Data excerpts
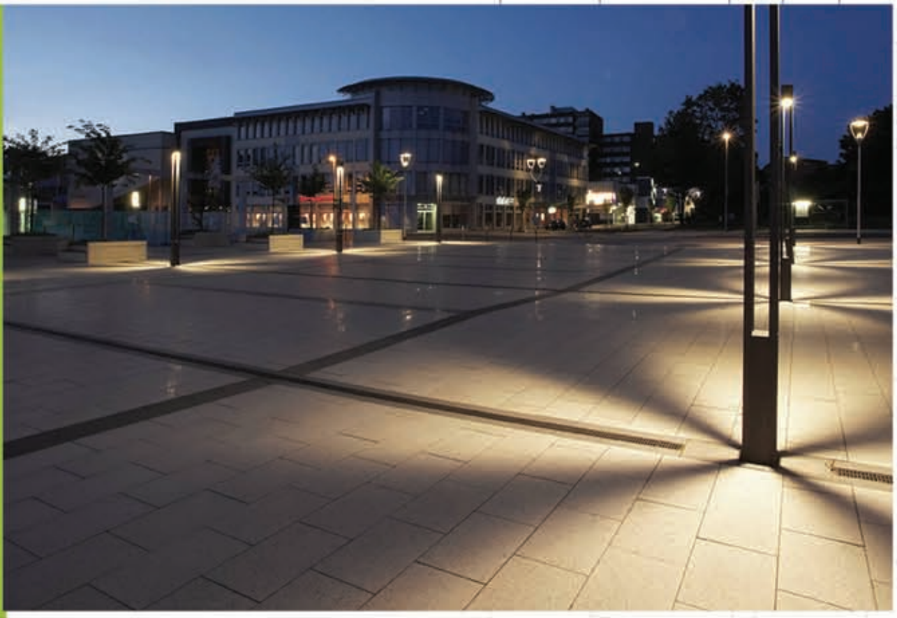
Gestaltetes Bahnhofsumfeld mit anspruchsvollem Beleuchtungskonzept
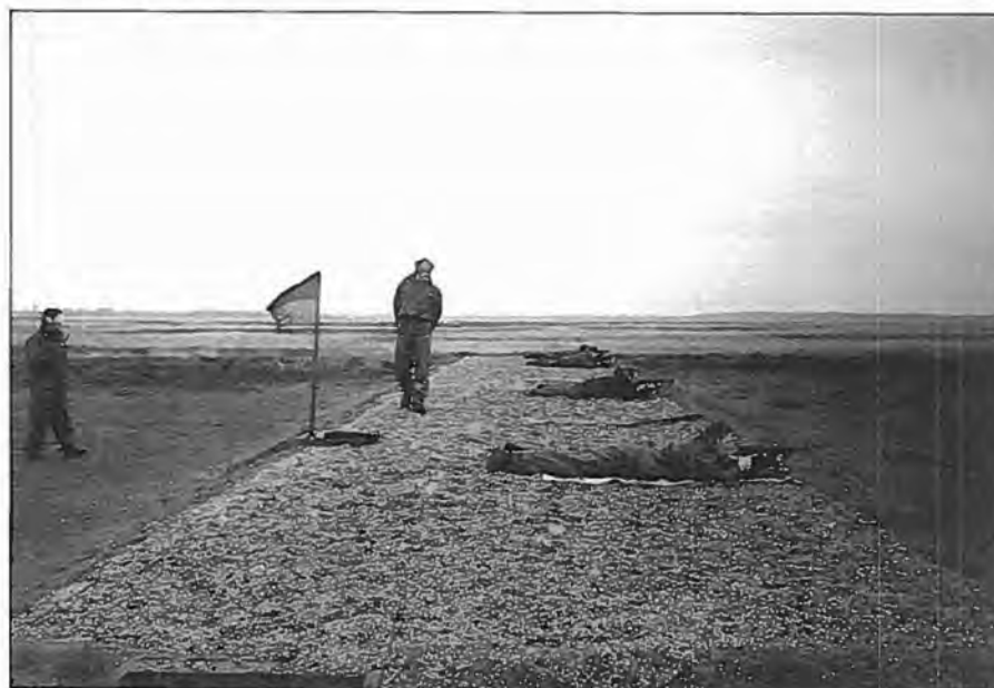
Skydning med MP M/49
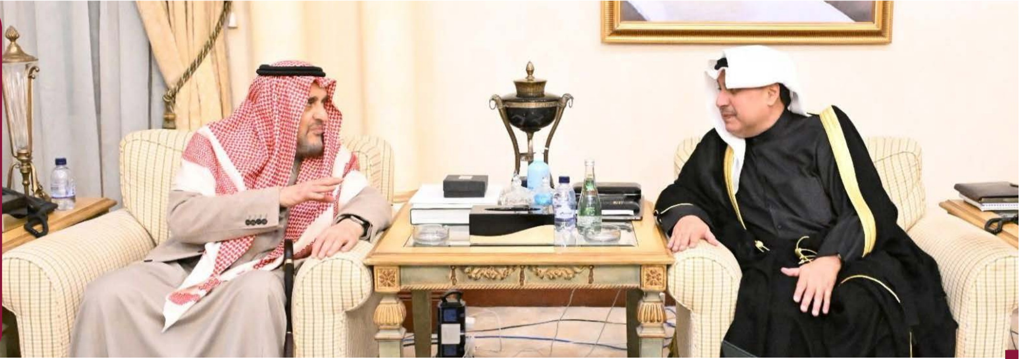
الشيخ حمد جابر العلي ممثلًا لسمو الأمير وسمو ولي العهد يقدم واجب العزاء في الرياض

عبدالله المبارك الصباح والشيخ مشعل جابر العبدالله الجابر الصباح والشيخ عبدالله ناصر صباح الأحمد الصباح ومحافظ الأحمد الصباح والشيخ حمود جابر الأحمد الجابر الصباح والشيخ فراس سعود عبدالله المالك الصباح والشيخ طلال مشعل الأحمد الجابر الصباح.
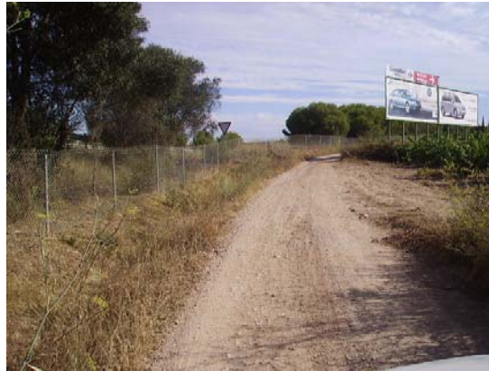
Tram 1: Estat del ferm.
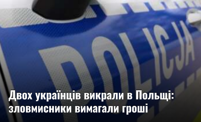
Двох українців викрали в Польщі: зловмисники вимагали гроші

**Task prompt**
Whenever a line includes the word "جابر", pull it out of the entries.

**Solution to the exercise**
الشيخ حمد جابر العلي ممثلًا لسمو الأمير وسمو ولي العهد يقدم واجب العزاء في الرياض
عبدالله المبارك الصباح والشيخ مشعل جابر العبدالله الجابر الصباح والشيخ عبدالله ناصر صباح الأحمد الصباح ومحافظ الأحمد الصباح والشيخ حمود جابر الأحمد الجابر الصباح والشيخ فراس سعود عبدالله المالك الصباح والشيخ طلال مشعل الأحمد الجابر الصباح.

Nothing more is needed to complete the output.